**About this task**
With pictures left out, output exactly the lines of the listing below from the line that has "براساس مصوبه جدید" to the line that has "Mind-blowing officer gets", both lines kept.

**Given information**
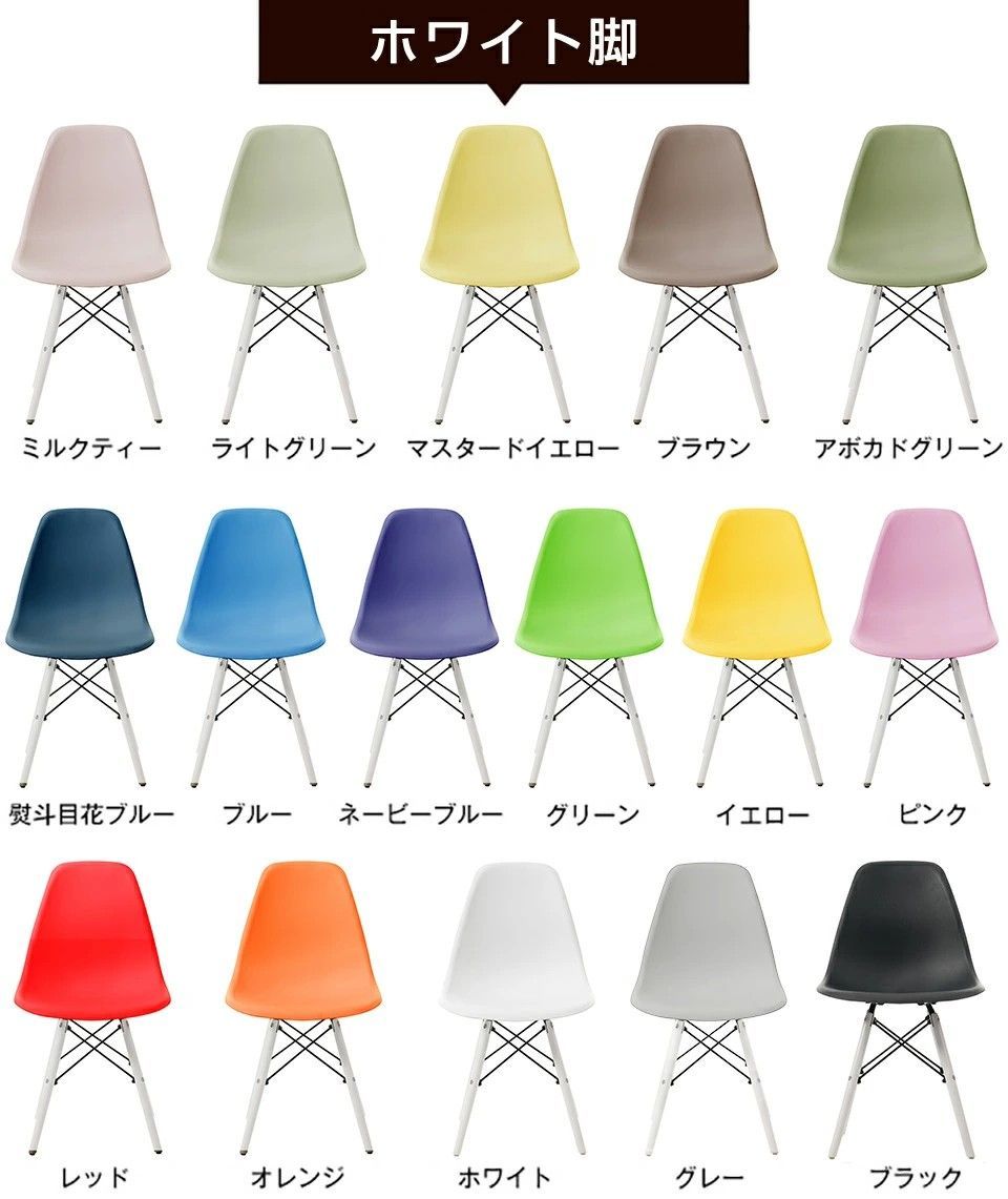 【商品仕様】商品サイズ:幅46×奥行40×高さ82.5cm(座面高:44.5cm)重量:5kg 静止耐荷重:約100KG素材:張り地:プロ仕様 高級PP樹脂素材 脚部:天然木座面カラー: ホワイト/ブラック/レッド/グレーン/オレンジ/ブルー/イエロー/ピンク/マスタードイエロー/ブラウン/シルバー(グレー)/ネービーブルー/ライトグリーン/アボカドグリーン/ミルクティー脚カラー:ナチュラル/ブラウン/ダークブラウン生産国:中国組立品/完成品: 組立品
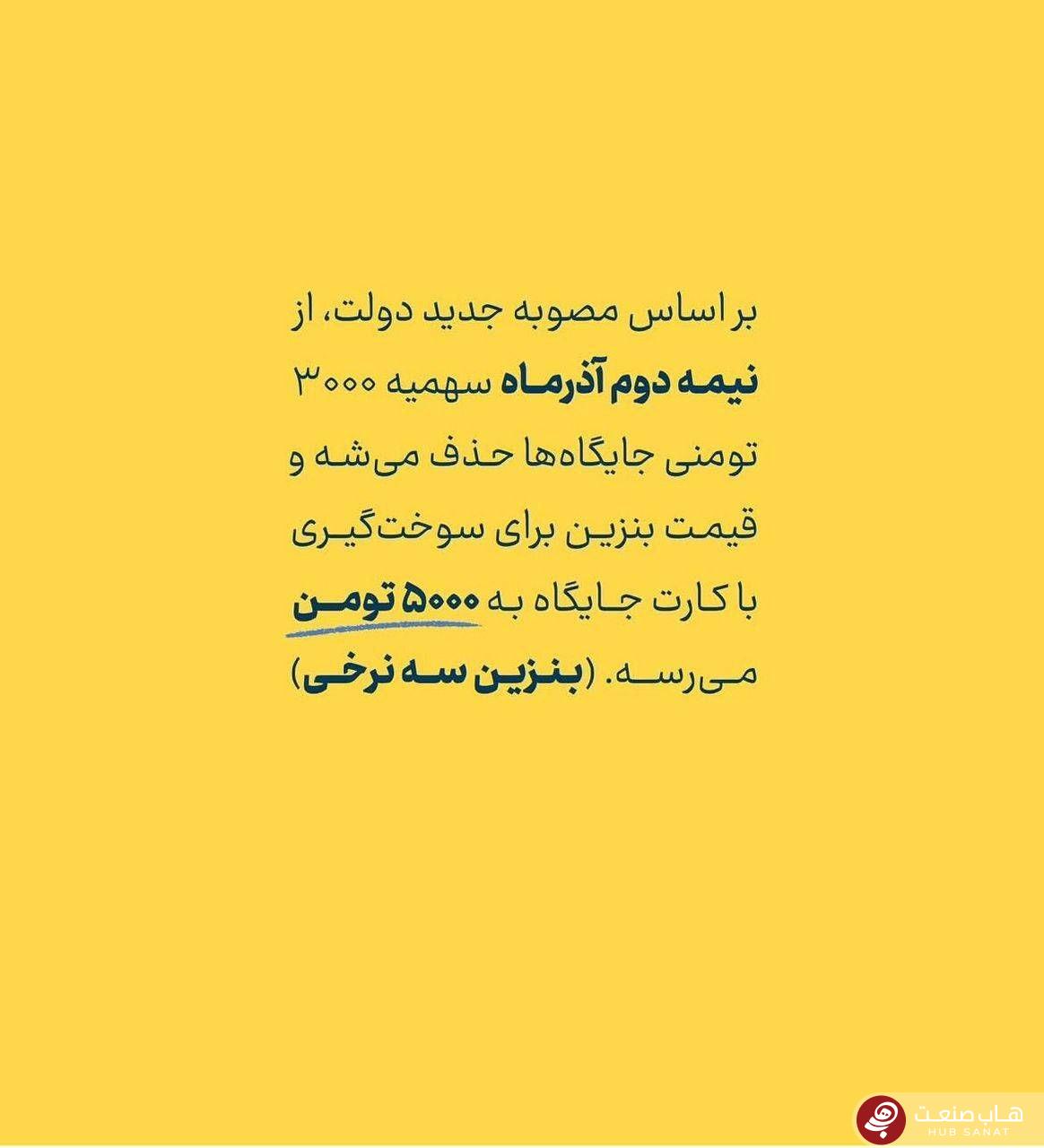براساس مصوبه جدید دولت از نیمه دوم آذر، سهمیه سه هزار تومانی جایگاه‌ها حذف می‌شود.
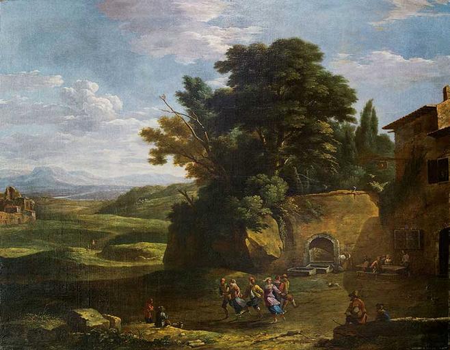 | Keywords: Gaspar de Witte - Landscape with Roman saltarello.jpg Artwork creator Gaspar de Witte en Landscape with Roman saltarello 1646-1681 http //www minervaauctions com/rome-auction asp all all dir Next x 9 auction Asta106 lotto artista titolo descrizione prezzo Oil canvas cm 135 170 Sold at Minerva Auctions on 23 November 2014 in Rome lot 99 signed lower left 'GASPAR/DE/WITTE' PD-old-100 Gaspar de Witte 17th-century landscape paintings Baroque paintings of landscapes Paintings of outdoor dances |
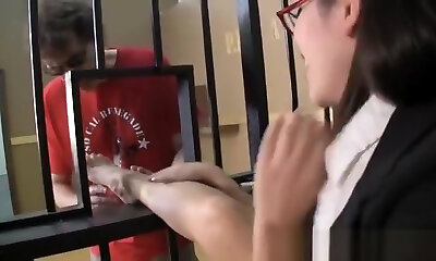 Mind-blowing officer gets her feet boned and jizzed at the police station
...
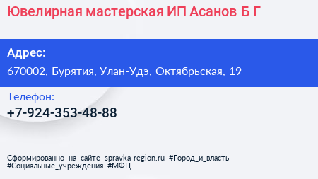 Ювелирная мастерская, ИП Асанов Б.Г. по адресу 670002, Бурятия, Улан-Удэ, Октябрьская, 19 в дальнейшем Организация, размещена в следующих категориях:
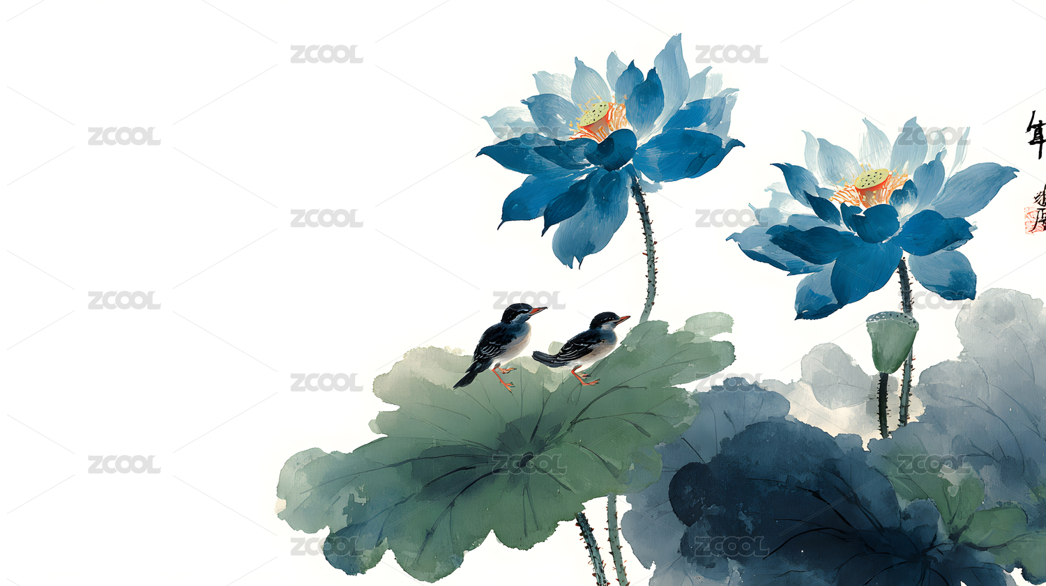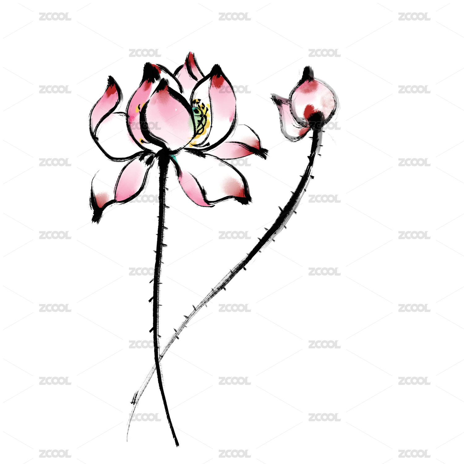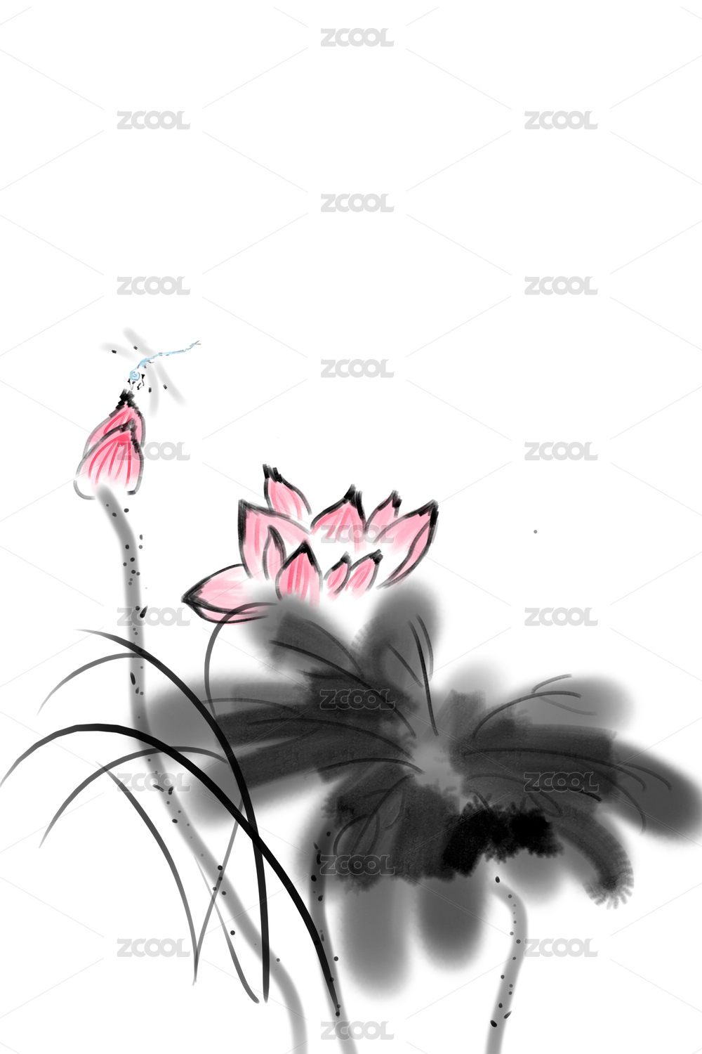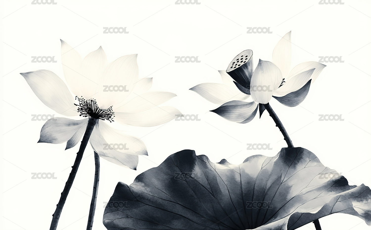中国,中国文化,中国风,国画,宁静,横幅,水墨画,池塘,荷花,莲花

**Result of this exercise**
براساس مصوبه جدید دولت از نیمه دوم آذر، سهمیه سه هزار تومانی جایگاه‌ها حذف می‌شود.
 | Keywords: Gaspar de Witte - Landscape with Roman saltarello.jpg Artwork creator Gaspar de Witte en Landscape with Roman saltarello 1646-1681 http //www minervaauctions com/rome-auction asp all all dir Next x 9 auction Asta106 lotto artista titolo descrizione prezzo Oil canvas cm 135 170 Sold at Minerva Auctions on 23 November 2014 in Rome lot 99 signed lower left 'GASPAR/DE/WITTE' PD-old-100 Gaspar de Witte 17th-century landscape paintings Baroque paintings of landscapes Paintings of outdoor dances |
 Mind-blowing officer gets her feet boned and jizzed at the police station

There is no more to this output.